WHAT YOU HAVE TO DO
Restate verbatim the span of lines below between the line with "- Hydraulic tank, emergency" and the line with "Dar polskich dzieci", including those two lines, and only that span.

SOURCE INFORMATION
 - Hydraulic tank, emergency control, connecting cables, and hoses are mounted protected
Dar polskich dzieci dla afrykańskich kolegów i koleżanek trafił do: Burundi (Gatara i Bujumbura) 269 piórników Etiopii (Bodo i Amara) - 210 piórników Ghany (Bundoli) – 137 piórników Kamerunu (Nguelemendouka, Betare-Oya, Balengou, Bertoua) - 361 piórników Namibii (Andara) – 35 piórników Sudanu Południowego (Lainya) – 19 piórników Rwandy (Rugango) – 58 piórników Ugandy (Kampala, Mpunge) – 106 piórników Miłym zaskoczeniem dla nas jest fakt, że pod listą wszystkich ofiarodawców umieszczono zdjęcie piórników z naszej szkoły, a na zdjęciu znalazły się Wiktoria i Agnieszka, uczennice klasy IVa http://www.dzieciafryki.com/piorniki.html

==

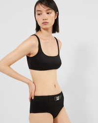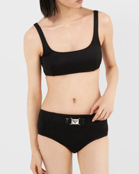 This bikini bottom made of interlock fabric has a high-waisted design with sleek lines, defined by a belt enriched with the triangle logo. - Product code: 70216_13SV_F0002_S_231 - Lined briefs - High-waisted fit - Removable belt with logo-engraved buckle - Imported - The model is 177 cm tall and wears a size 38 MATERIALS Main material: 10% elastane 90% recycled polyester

...

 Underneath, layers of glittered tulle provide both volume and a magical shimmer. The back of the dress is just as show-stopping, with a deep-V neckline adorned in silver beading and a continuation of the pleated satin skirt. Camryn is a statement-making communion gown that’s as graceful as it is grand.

OUTPUT FOR THIS TASK
 - Hydraulic tank, emergency control, connecting cables, and hoses are mounted protected
Dar polskich dzieci dla afrykańskich kolegów i koleżanek trafił do: Burundi (Gatara i Bujumbura) 269 piórników Etiopii (Bodo i Amara) - 210 piórników Ghany (Bundoli) – 137 piórników Kamerunu (Nguelemendouka, Betare-Oya, Balengou, Bertoua) - 361 piórników Namibii (Andara) – 35 piórników Sudanu Południowego (Lainya) – 19 piórników Rwandy (Rugango) – 58 piórników Ugandy (Kampala, Mpunge) – 106 piórników Miłym zaskoczeniem dla nas jest fakt, że pod listą wszystkich ofiarodawców umieszczono zdjęcie piórników z naszej szkoły, a na zdjęciu znalazły się Wiktoria i Agnieszka, uczennice klasy IVa http://www.dzieciafryki.com/piorniki.html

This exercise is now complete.